I am relatively new to Audiogon and have a question about how business is conducted on this site. This morning I made an offer to purchase an interconnect at a certain price and if the seller responded within the day. I received an e-mail from the seller indicating "I'll accept your offer" and notifying me that he would accept paypal or a money order as payment. At this point I have made an offer, he has accepted, and I am thinking we have a deal. 42 minutes later he sends me an e-mail saying he needs me to reconfirm within 10 minutes or he is going to sell to someone else. Of course I am not monitoring e-mail on a minute by minute basis since I have to keep my day job in order to support this expensive habit, and the guy turns around and sells this thing to someone else.
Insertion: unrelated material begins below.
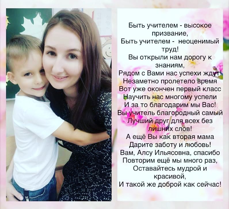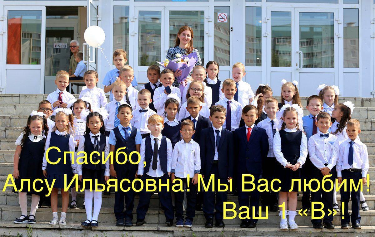От лица родителей и учеников 1 "В" класса выражаем огромную благодарность Алсу Ильясовне! Спасибо за Ваш вклад во всестороннее развитие наших детей! Нам с Вами очень повезло! Ценим и уважаем!
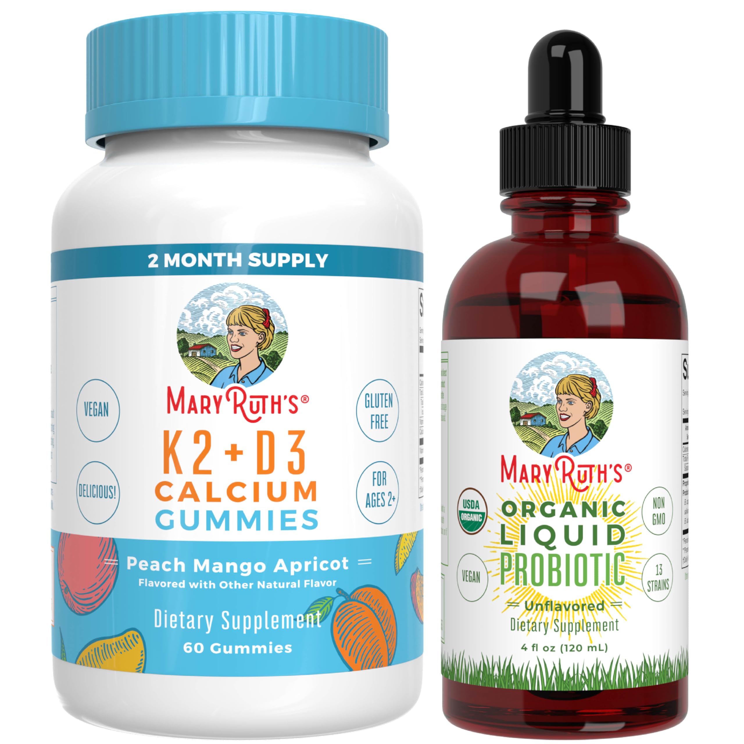 A Formula You Can Trust: MaryRuth's Vitamin K2 D3 Gummies (Peach Mango Apricot) and Probiotic Drops (Unflavored) are B Corp Certified and Clean Label Project Verified! Vitamin D3 K2 Calcium Gummies: Plant-based support for bone health in tasty peach, mango, and apricot flavors! Probiotic Drops (Unflavored): This USDA, vegan probiotic, with 13 unique strains and up to 2 billion CFU per serving, is formulated for ages 1 and suitable for the whole family! Vitamin D3 K2 Calcium Gummies: Our delicious gummies have three flavors in one bottle: Peach, Mango Apricot, and are made from lichen and natto. Very few foods in nature contain vitamin D and most D3 supplements are sourced from lanolin — the fat of lamb's wool ours is sourced from lichen. USDA Organic Liquid Probiotic: This vegan USDA Certified Organic Liquid Probiotic is formulated with 13 unique probiotic strains. Formulated for ages 1 , this probiotic for men, women, and kids can easily be dosed for the whole family! This proprietary probiotic blend contains up to 2 billion CFU per serving. "Multiple Benefits: D3 K2 Gummies: These gummy vitamins with D3 and K2 boost calcium absorption, supporting bone and joint health effectively. Probiotic Drops: Featuring Bacillus coagulans Unique IS-2, this spore-forming probiotic supports digestion, gut health, and immunity, while helping reduce occasional gas, bloating, and discomfort. " For Most Lifestyles: Both products are Non-GMO, Vegan, Dairy Free, Nut Free, Gluten Free, Made in a GMP Facility. Clean Label Project Verified, B Corp Certified. K2 D3 Calcium Gummies: No Gelatin, Pectin-Based, Kid Friendly, made with Organic Cane Sugar. Liquid Probiotic: USDA Organic, Soy Free, Sugar Free. Important: Our bundles may contain overlapping nutrients. Consult your physician to determine the right supplements and dosages for your health.For Most Lifestyles: Both products are Non-GMO, Vegan, Dairy Free, Nut Free, Gluten Free, Made in a GMP Facility. Clean Label Project Verified, B Corp Certified. K2 D3 Calcium Gummies: No Gelatin, Pectin-Based, Kid Friendly, made with Organic Cane Sugar. Liquid Probiotic: USDA Organic, Soy Free, Sugar Free. Important: Our bundles may contain overlapping nutrients. Consult your physician to determine the right supplements and dosages for your health. Multiple Benefits: D3 K2 Gummies: These gummy vitamins with D3 and K2 boost calcium absorption, supporting bone and joint health effectively. Probiotic Drops: Featuring Bacillus coagulans Unique IS-2, this spore-forming probiotic supports digestion, gut health, and immunity, while helping reduce occasional gas, bloating, and discomfort. USDA Organic Liquid Probiotic: This vegan USDA Certified Organic Liquid Probiotic is formulated with 13 unique probiotic strains. Formulated for ages 1 , this probiotic for men, women, and kids can easily be dosed for the whole family! This proprietary probiotic blend contains up to 2 billion CFU per serving. Vitamin D3 K2 Calcium Gummies: Our delicious gummies have three flavors in one bottle: Peach, Mango Apricot, and are made from lichen and natto. Very few foods in nature contain vitamin D and most D3 supplements are sourced from lanolin — the fat of lamb's wool ours is sourced from lichen. A Formula You Can Trust: MaryRuth's Vitamin K2 D3 Gummies (Peach Mango Apricot) and Probiotic Drops (Unflavored) are B Corp Certified and Clean Label Project Verified! Vitamin D3 K2 Calcium Gummies: Plant-based support for bone health in tasty peach, mango, and apricot flavors! Probiotic Drops (Unflavored): This USDA, vegan probiotic, with 13 unique strains and up to 2 billion CFU per serving, is formulated for ages 1 and suitable for the whole family!.

In the regular, non-internet, world where I operate this type of conduct would be total b.s. But when I ask this guy how he can agree than simply back out he tells me this happens all the time on Audiogon. Is this really the case? Does this type of conduct merit negative feedback or am I overreacting?
bink

Showing 1 response by bink

Boy thanks for all the responses in such a short period of time. With a couple of exceptions (unfortunately including the one from Audiogon) that fact that others were equally as troubled sure makes me feel better about using this site - it's just going to take time to find the straight shooters. I think Macm nailed it, and I am pretty troubled by the Audiogon response in that it indicates a "verifiable agreement had not been reached" as either no payment had been sent or the product had not been shipped. I am no lawyer, but I have spent enough time with lawyers to be confident that an agreement can be reached (both written and verbally) prior to payment for or shipment of of the product. Under the proposed Audiogon guidelines an individual could agree to purchase something via money order, then spend the next several days looking for a better deal before sending payment. If they find a better deal take it, drop the first deal, and have no risk of bad feedback. There are obviously a multitude of scenarios that can create problems under these existing criteria. I can assure you I have a sequence of time-stamped e-mails that would constitute a "verifiable agreement" by almost any standard. I came to this site assuming the feedback system was an effective form of self-policeing (policing?). Seems like there is still some work left to turn this into a reliable system. The good news is they are focused on it. I thought I was doing the users of this site a favor by giving this guy negative feedback to alert others to be careful when dealing with him. Question now is whether under the current rules of the game I am obligated to go back to Audiogon and request that they remove this negative feedback - I think this is the case based on the Audiogon commentary above.